Ha, what’s that you say…?

Which mediocre Adam Sandler film?!

You joker, you!

I mean the one that’s actually called ‘Click‘, of course.

This is what I mean by ‘the click’…

When I was at first school, circa mid-late 90s, there was a kid I used to sit near who never really said anything.
Looking back now, I guess he was super-shy.
If you posed him with a question, he’d simply write his answer on his notepad and show it to you.

Whenever I tried to ask him anything, all he seemed to do was draw a picture of a stick man.

This confused me.

I wanted to borrow a rubber once. He scrawled something down, and tilted his notepad to show me.

It was a picture of a stick man.

Again.

In the end I went with the cavalier attitude of helping myself to the rubber. He never told me off, so I assumed all was fine.
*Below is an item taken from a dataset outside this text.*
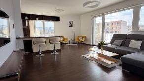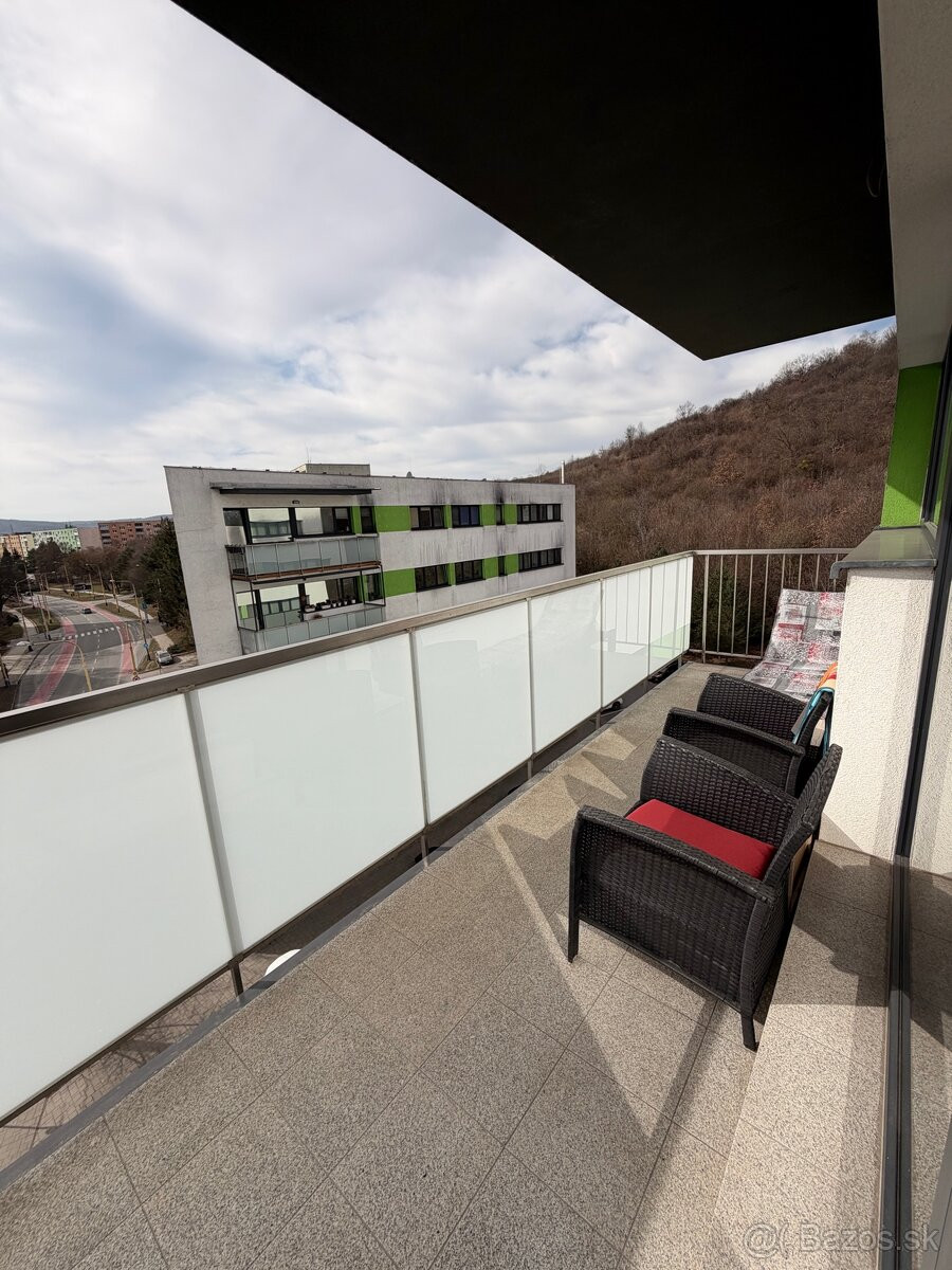Byt má 72 m², nachádza sa na 5. poschodí s výťahom a disponuje veľkým balkónom a vlastným parkovacím miestom.

One day, not long after he’d drawn one of his stick men, his notepad fell onto the floor and I picked it up.

As I handed it to him I saw that the word ‘OK’ was written on it. For a minute I was perplexed – how had a drawing of a stick man turned into the word OK?

AND THEN I REALISED!

I was always looking at his notepad sideways on!

He was writing the word ‘OK’!

It was just that, due to the way he wrote it and the angle I viewed it from (kinda sideways on), it looked like a stick man!
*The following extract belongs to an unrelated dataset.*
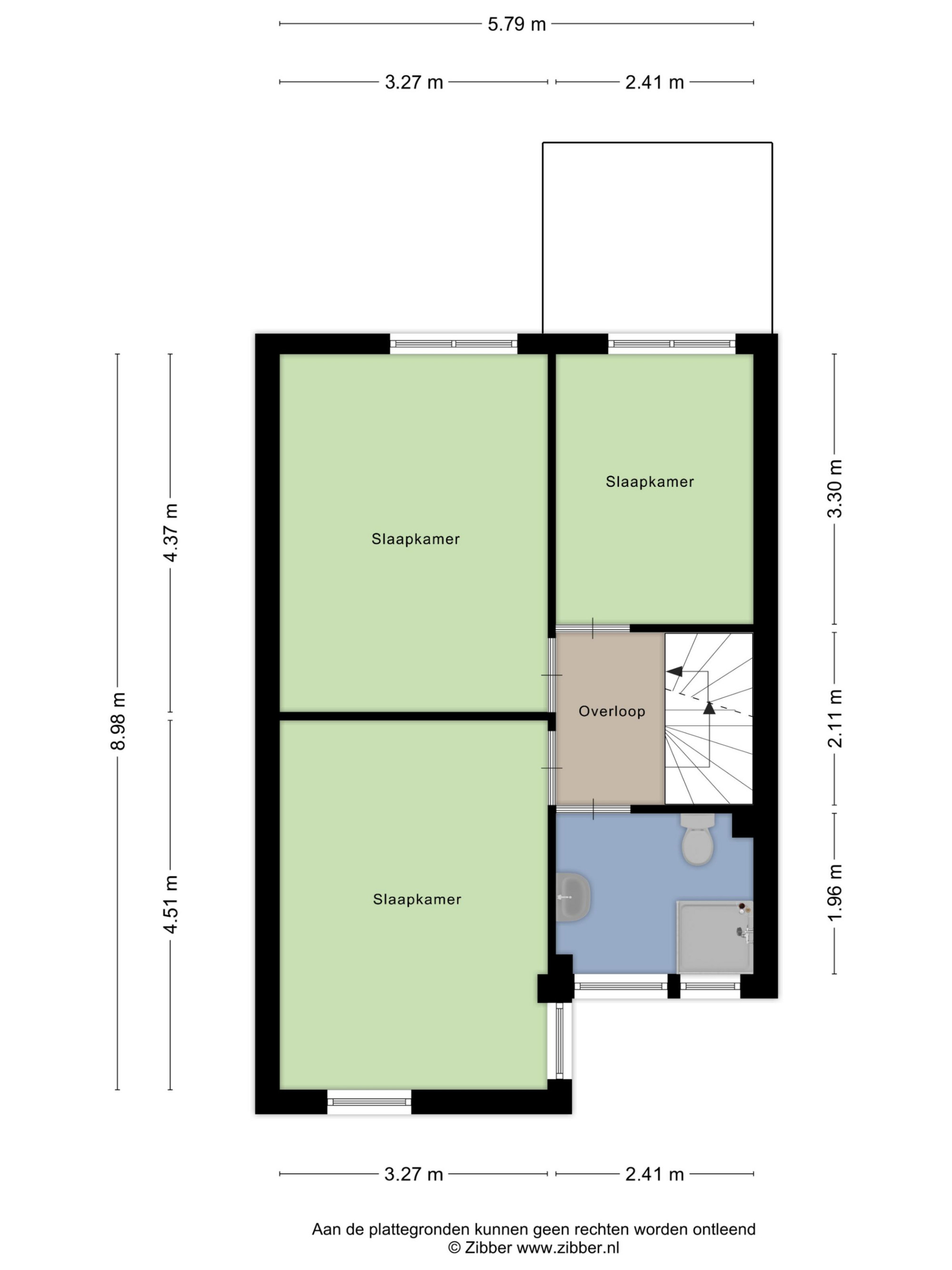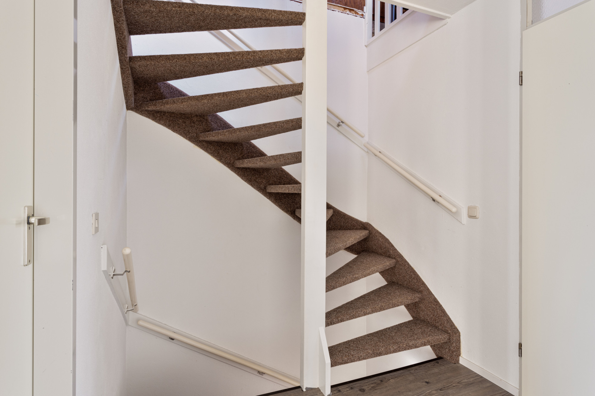 Tevens biedt de overloop toegang tot de badkamer en de trapopgang naar de tweede verdieping.

That was it. That was the ‘click’ moment. Something clicked for me that I’d been trying to understand for ages. Boy, did my eight year old self feel a fool for not working it out sooner.

I feel that we should translate this to writing. When you’re putting together text for an audience to read, it needs to flow. Nothing turns a reader off more than when they snag on a word or a sentence.

I have no authority on the subject…but I reckon that, if a reader snags more than three/four times while reading something, they’ll give up unless it’s important.

Before you post or share anything, you need to make sure it clicks. You need to review what you’ve written and keep on editing until it flows.

Edit it until it reads so smoothly that it feels as if the reader doesn’t even need to concentrate to read it.

Because you want everyone to read your content. You don’t want 70% to think you mean ‘OK’, and the other 30% to think you mean ‘stick man’.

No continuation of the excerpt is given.